Revised construction and engineering pre-action protocol to come into force


An updated pre-action protocol for construction and engineering disputes will help to "streamline" a process which had become "open to abuse by parties wishing to stymie the dispute resolution process in recent years", an expert has said.

In force from 9 November, the new protocol will govern the actions and conduct of parties in dispute in construction and engineering cases before formal court proceedings begin.

The changes include the introduction of a new, optional, 'protocol referee procedure', which will allow parties that have opted in to seek advice on compliance from an independent referee. Parties will also be able to opt out of using the protocol altogether, providing that they all consent to this.

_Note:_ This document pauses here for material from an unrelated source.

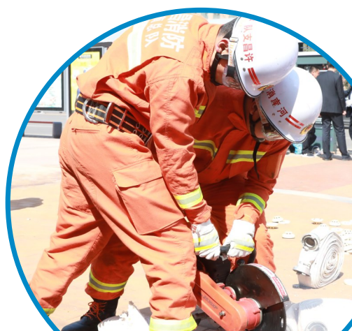
为强化消防产品监督管理,净化消防产品市场环境,切实消除因产品质量问题造成的火灾隐患,3月14日,市消防救援支队联合我市工商部门开展了消防产品流通和使用领域专项检查和伪劣消防产品集中销毁行动。图为销毁现场。

Construction disputes expert Benjamin Smith of Pinsent Masons, the law firm behind Out-Law.com, welcomed the changes.

"By reformulating and simplifying the requirements of the protocol – for example, limiting the volume of information exchanged between the parties to 'brief summaries' which are 'proportionate' to the nature and value of the dispute - the updates should allow for a more streamlined and efficient pre-action process," he said. "Albeit such limitations are by their nature subjective, it will undoubtedly give parties and their legal representatives pause for thought when preparing submissions in order to ensure they are compliant with the new protocol."

"In this respect, given the parties will have to opt in to use the new protocol referee procedure, it  will be interesting to see whether parties agree that the procedure should apply – and if they are willing to implement the procedure in the event of non-compliance with the protocol by the other party. It is also worth mentioning that the parties can also agree that the pre-action protocol will not apply to the dispute, although it is hard to see circumstances in which the parties would agree to this except for in the most straightforward of cases," he said.

The new protocol will apply to all construction and engineering disputes including building and construction disputes; claims by or against engineers, surveyors and architects; and claims relating to the quality of materials used or work undertaken. These claims are typically heard by the Technology and Construction Court (TCC) division of the High Court.

The protocol was developed jointly by specialist bar association the Technology and Construction Bar Association (TECBAR) and TeCSA, the Technology and Construction Solicitors' Association. It replaces the previous pre-action protocol, which came into force in October 2000 and was amended in 2007.

Once in force, parties will no longer be required by the wording of the protocol to provide each other with "full" information as part of the pre-action process, but rather "sufficient information broadly to allow the parties to understand each other's position and make informed decisions about settlement and how to proceed". The requirement to keep the letter of claim simple, and costs modest, has been broadened from merely lower value claims to "many cases, including those of modest value".

The general aim of the protocol has also been modified so that only the "outline" of parties' cases must be made known, and to amend the meeting requirements so that the parties only "usually" should meet. The aim is to put parties in a position where they may be able to settle cases not merely early and fairly, as at present; but also inexpensively.

The new protocol emphasises alternative dispute resolution (ADR) as a possibility in several places, including as a part of any settlement discussions. In addition, the protocol makes it possible for parties to replace the meeting requirement 21 days after letter of response or response to counterclaim to be in the form of an ADR process, for example mediation.

In its response to the first letter of claim, the defending company must now confirm whether it wishes the new protocol referee procedure to apply. If it agrees, either party may apply to the chairman of TeSCA for the appointment of a protocol referee. Protocol referees will be chosen from among the senior members of TECBAR and TeCSA. Their role will be to assist parties in complying with the protocol, or to settle issues of non-compliance; and the referee will be required to reach a written decision no later than 20 working days after receipt of the notice of appointment.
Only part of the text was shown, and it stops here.